Aim of the exercise:
The entire listing that follows must be repeated exactly, pictures excluded.

(Data excerpt begins)

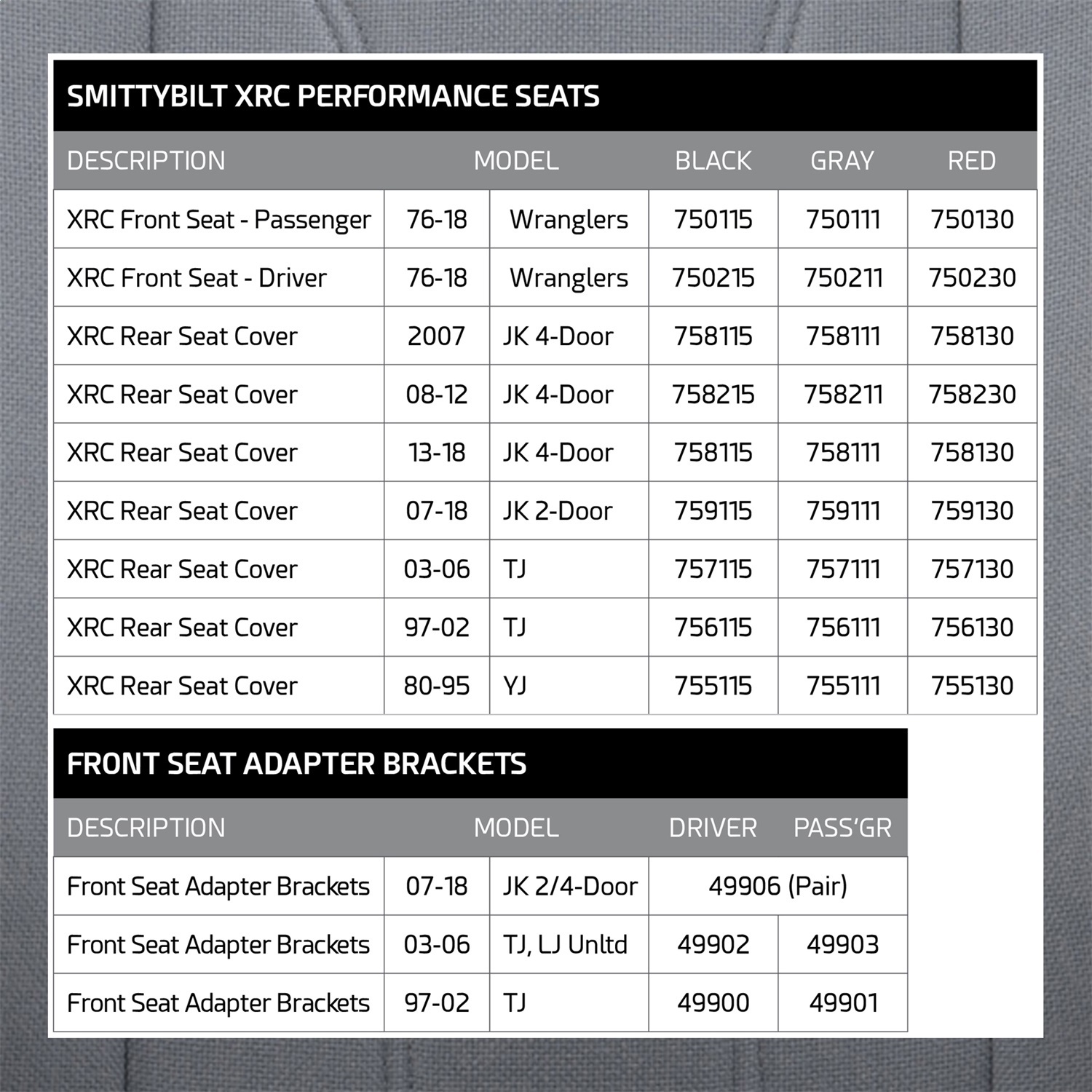 This XRC seat meets the market demands for performance, style and affordability. The XRC seat starts off with a Kodiak frame which is one of the strongest tubular frames in the industry then complimented with high performance foam pack with a contoured single suspension liner, which provides the ultimate in comfort and quality. Heavy duty 9 position recliner, MIL Spec fabrics and accommodates 5- point safety restraints. Works with most 3-point restraint systems and its fully adjustable reclining system and fixed head rest design gives the look and comfort needed for every situation. 1997-02 TJ Wrangler and Unlimited require will require seat bracket adapters sold separately. Sold individually
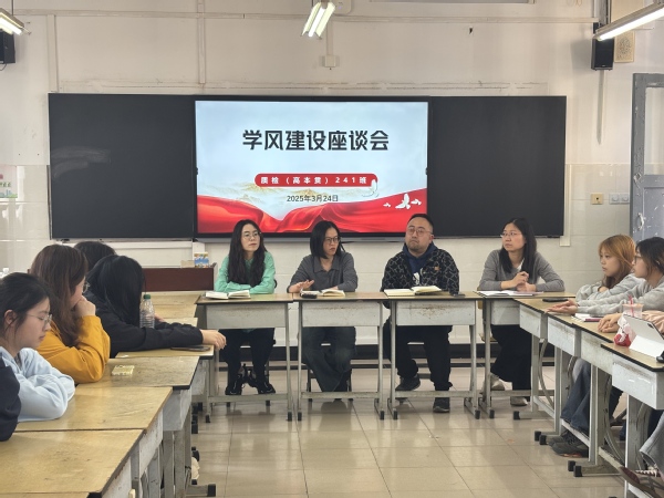 3月24日下午,生药系质检(高本贯)241班在一教召开学风建设座谈会。生药系副主任徐莉、党总支副书记胡慧春、质检专业负责人陈晶老师、辅导员以及全班33名同学齐聚一堂,围绕学习、生活和未来发展进行交流。
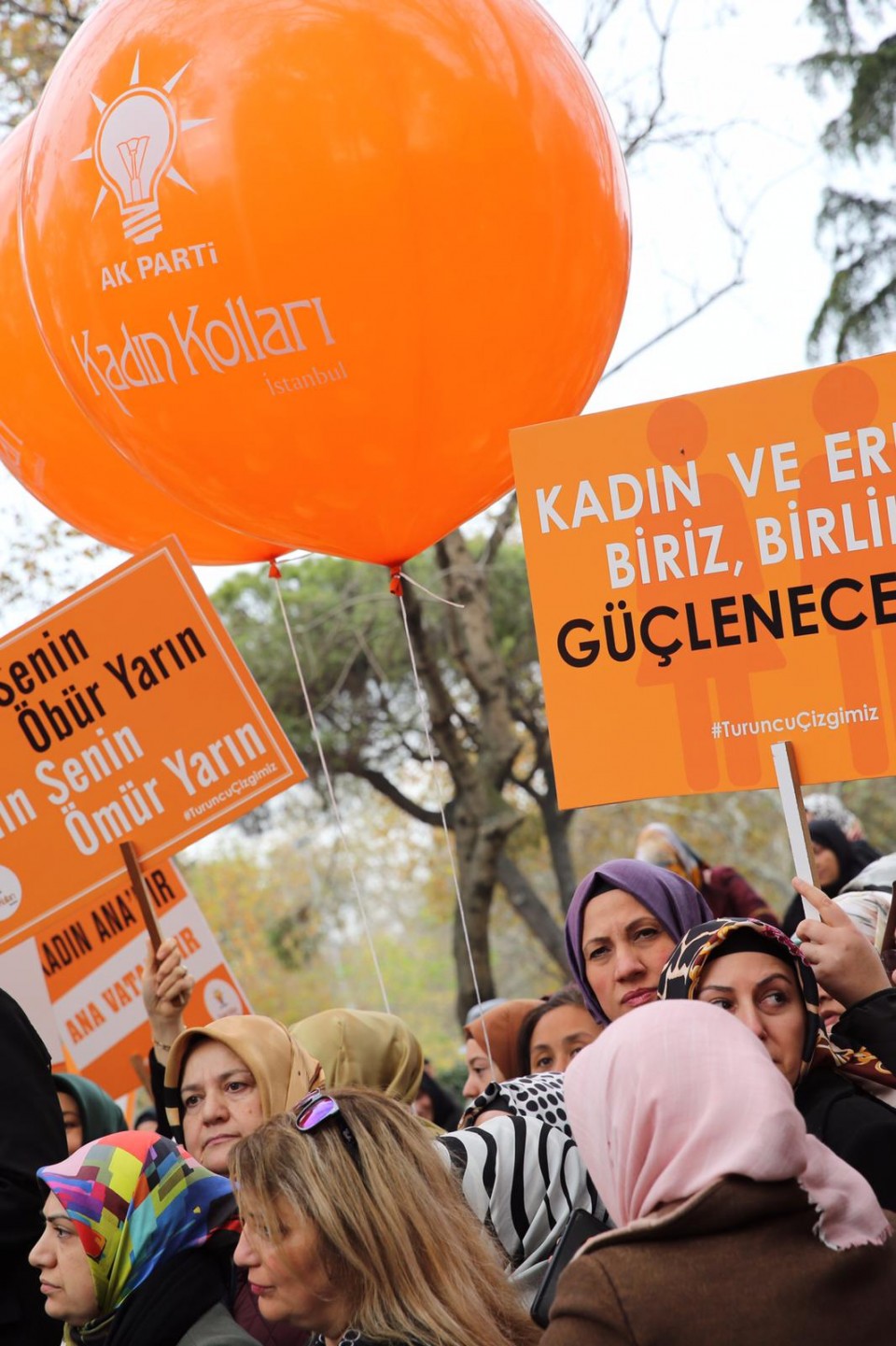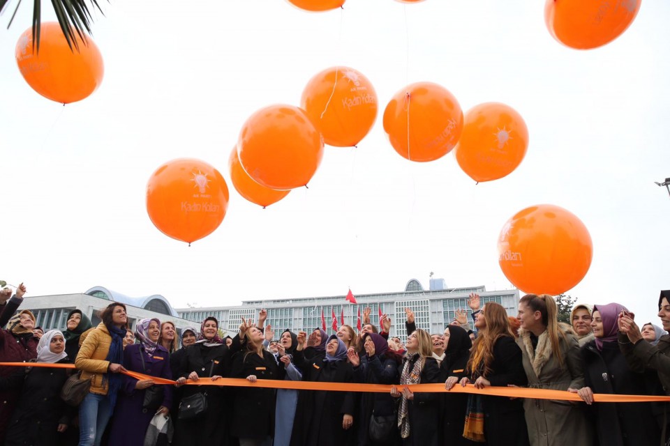Program sonunda Turuncu çizginin ardında Kadına Yönelik Şiddete Hayır diyerek AK Kadınlar ellerindeki balonları gökyüzüne uçurdular.

(Data excerpt ends)

Exercise solution:
 This XRC seat meets the market demands for performance, style and affordability. The XRC seat starts off with a Kodiak frame which is one of the strongest tubular frames in the industry then complimented with high performance foam pack with a contoured single suspension liner, which provides the ultimate in comfort and quality. Heavy duty 9 position recliner, MIL Spec fabrics and accommodates 5- point safety restraints. Works with most 3-point restraint systems and its fully adjustable reclining system and fixed head rest design gives the look and comfort needed for every situation. 1997-02 TJ Wrangler and Unlimited require will require seat bracket adapters sold separately. Sold individually
 3月24日下午,生药系质检(高本贯)241班在一教召开学风建设座谈会。生药系副主任徐莉、党总支副书记胡慧春、质检专业负责人陈晶老师、辅导员以及全班33名同学齐聚一堂,围绕学习、生活和未来发展进行交流。
Program sonunda Turuncu çizginin ardında Kadına Yönelik Şiddete Hayır diyerek AK Kadınlar ellerindeki balonları gökyüzüne uçurdular.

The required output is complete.